(Dataset records)

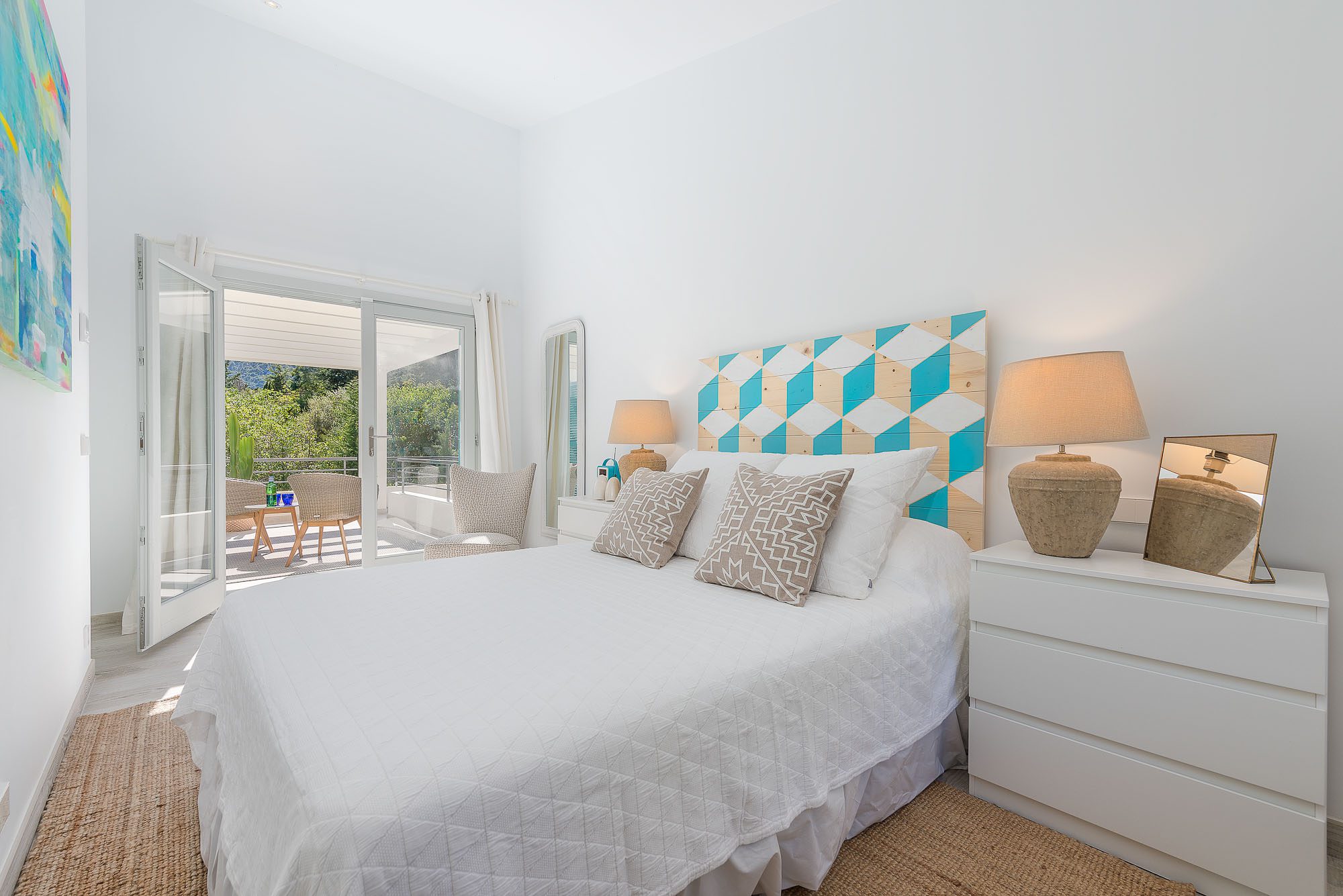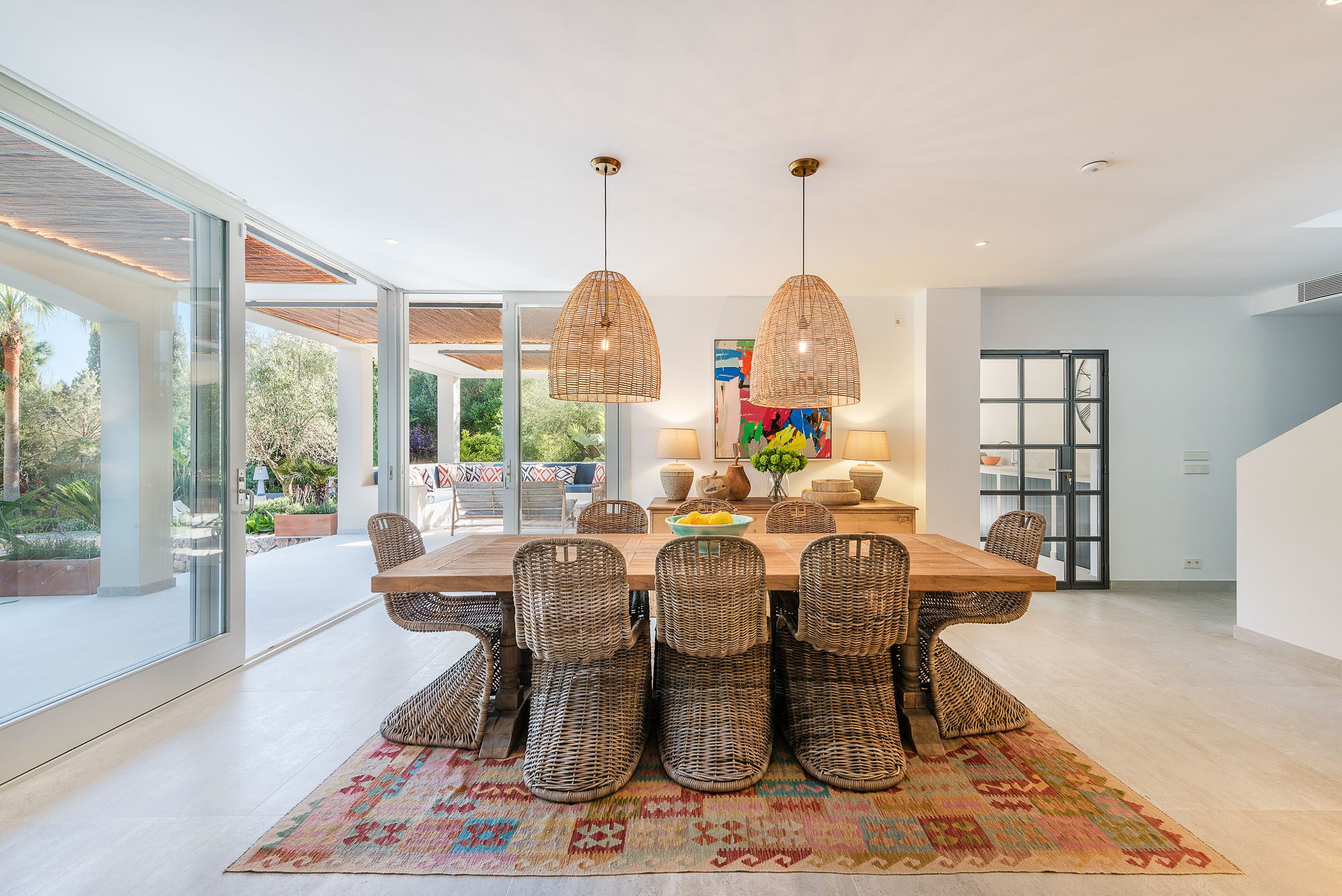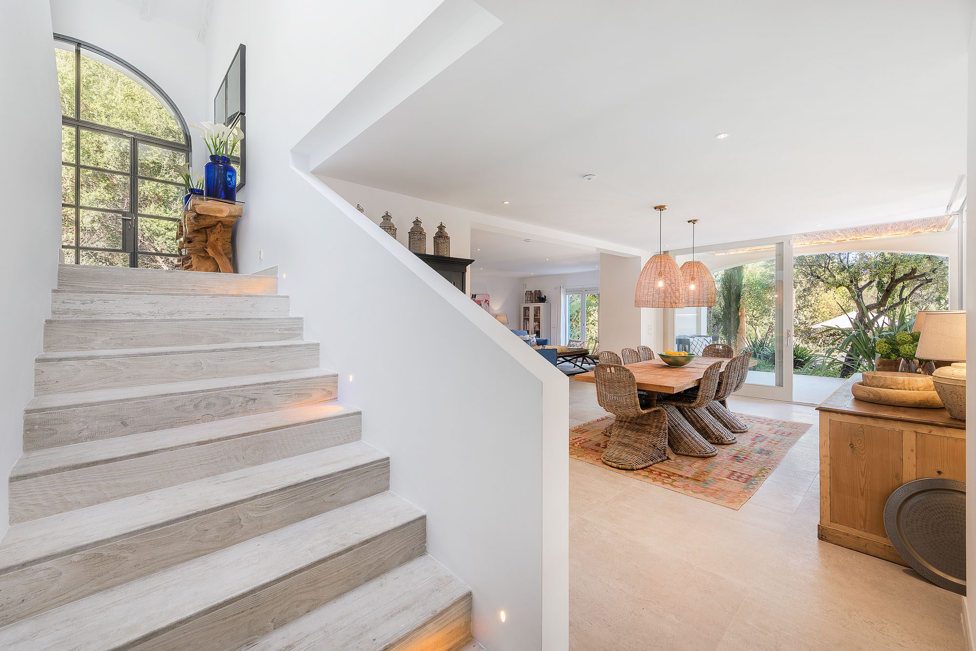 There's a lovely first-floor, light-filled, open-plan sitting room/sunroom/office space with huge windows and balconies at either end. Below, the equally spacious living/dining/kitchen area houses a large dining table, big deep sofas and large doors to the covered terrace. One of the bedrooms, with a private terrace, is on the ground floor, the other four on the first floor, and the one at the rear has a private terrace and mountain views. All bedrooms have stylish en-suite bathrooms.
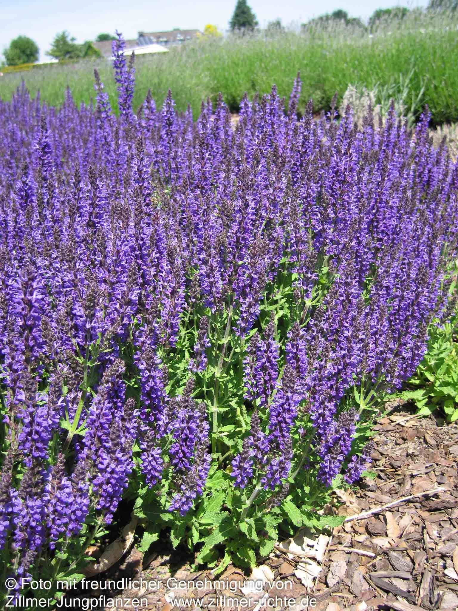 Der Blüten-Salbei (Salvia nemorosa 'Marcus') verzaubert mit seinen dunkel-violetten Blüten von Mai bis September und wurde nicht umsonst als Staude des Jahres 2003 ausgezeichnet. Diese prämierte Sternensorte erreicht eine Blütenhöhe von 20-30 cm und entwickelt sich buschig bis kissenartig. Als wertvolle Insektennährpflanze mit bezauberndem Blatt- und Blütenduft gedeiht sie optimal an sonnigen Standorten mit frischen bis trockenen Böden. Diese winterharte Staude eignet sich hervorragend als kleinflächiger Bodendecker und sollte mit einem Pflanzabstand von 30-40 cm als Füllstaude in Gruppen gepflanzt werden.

(End Dataset records)
(Dataset records)

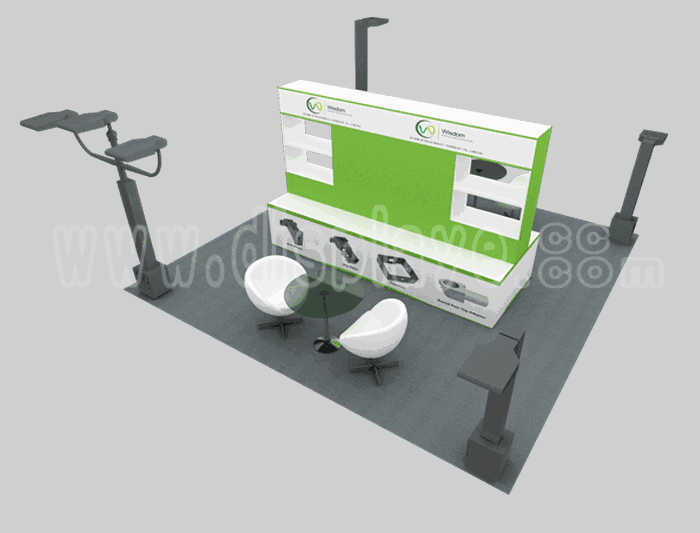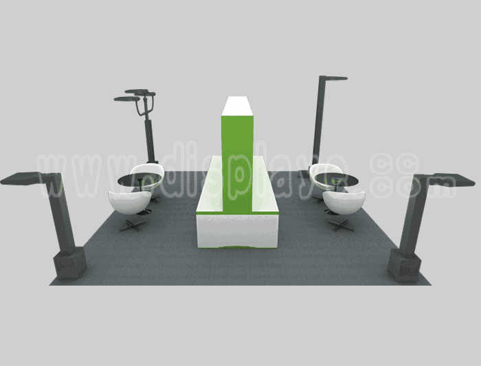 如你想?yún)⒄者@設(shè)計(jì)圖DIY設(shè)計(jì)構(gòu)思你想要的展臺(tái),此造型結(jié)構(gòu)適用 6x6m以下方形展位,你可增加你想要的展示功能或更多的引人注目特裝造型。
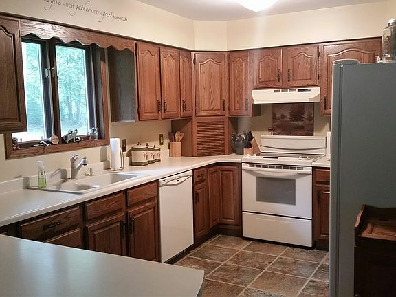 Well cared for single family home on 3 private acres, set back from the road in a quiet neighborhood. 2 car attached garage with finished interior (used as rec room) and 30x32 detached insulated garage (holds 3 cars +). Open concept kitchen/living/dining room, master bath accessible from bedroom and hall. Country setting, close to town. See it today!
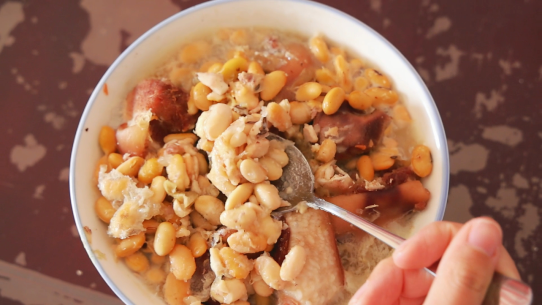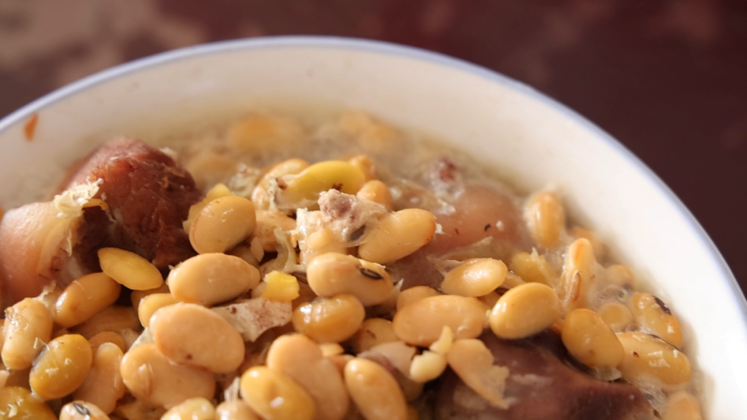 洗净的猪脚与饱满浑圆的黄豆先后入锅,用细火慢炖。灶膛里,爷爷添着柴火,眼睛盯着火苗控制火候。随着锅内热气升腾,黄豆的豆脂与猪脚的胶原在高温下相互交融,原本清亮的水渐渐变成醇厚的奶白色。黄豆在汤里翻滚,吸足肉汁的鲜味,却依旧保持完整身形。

(End Dataset records)

# Activity
Lines from the one above containing "Well cared for" down to the one containing "洗净的猪脚与饱满浑圆的黄豆先" should be transcribed exactly, with both ends kept and no pictures.

# Solution to the problem
 Well cared for single family home on 3 private acres, set back from the road in a quiet neighborhood. 2 car attached garage with finished interior (used as rec room) and 30x32 detached insulated garage (holds 3 cars +). Open concept kitchen/living/dining room, master bath accessible from bedroom and hall. Country setting, close to town. See it today!
 洗净的猪脚与饱满浑圆的黄豆先后入锅,用细火慢炖。灶膛里,爷爷添着柴火,眼睛盯着火苗控制火候。随着锅内热气升腾,黄豆的豆脂与猪脚的胶原在高温下相互交融,原本清亮的水渐渐变成醇厚的奶白色。黄豆在汤里翻滚,吸足肉汁的鲜味,却依旧保持完整身形。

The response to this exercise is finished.